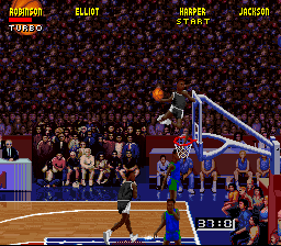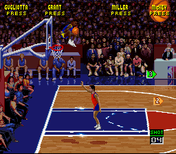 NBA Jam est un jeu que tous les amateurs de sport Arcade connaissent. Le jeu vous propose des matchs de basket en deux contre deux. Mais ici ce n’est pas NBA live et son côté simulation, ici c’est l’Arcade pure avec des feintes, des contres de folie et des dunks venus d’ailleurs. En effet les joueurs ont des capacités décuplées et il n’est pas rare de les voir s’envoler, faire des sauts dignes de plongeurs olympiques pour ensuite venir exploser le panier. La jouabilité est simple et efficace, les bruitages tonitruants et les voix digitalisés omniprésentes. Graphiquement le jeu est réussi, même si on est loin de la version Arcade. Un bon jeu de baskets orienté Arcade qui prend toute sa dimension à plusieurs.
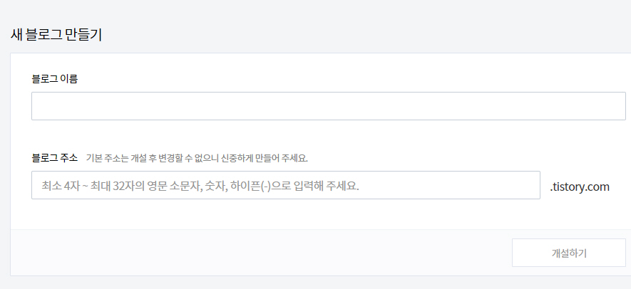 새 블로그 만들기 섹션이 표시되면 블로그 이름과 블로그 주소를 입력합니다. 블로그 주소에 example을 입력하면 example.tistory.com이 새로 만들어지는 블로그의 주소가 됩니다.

==

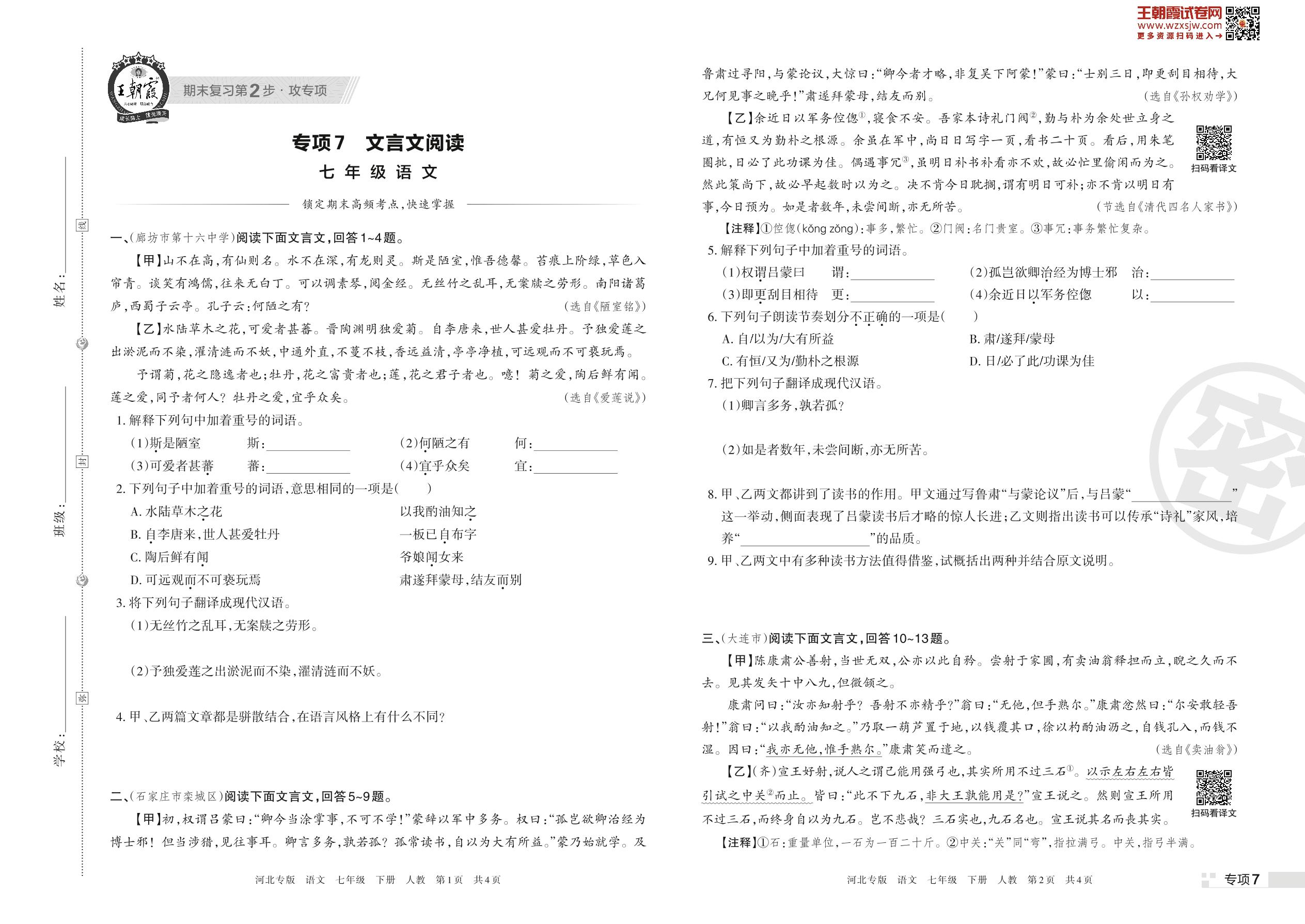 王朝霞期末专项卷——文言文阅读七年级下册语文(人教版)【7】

* What needs to be done *
From the records above, copy only the lines running from the line holding "NBA Jam est" through the line holding "새 블로그 만들기 섹션이", with no pictures.

* Answer space *
 NBA Jam est un jeu que tous les amateurs de sport Arcade connaissent. Le jeu vous propose des matchs de basket en deux contre deux. Mais ici ce n’est pas NBA live et son côté simulation, ici c’est l’Arcade pure avec des feintes, des contres de folie et des dunks venus d’ailleurs. En effet les joueurs ont des capacités décuplées et il n’est pas rare de les voir s’envoler, faire des sauts dignes de plongeurs olympiques pour ensuite venir exploser le panier. La jouabilité est simple et efficace, les bruitages tonitruants et les voix digitalisés omniprésentes. Graphiquement le jeu est réussi, même si on est loin de la version Arcade. Un bon jeu de baskets orienté Arcade qui prend toute sa dimension à plusieurs.
 새 블로그 만들기 섹션이 표시되면 블로그 이름과 블로그 주소를 입력합니다. 블로그 주소에 example을 입력하면 example.tistory.com이 새로 만들어지는 블로그의 주소가 됩니다.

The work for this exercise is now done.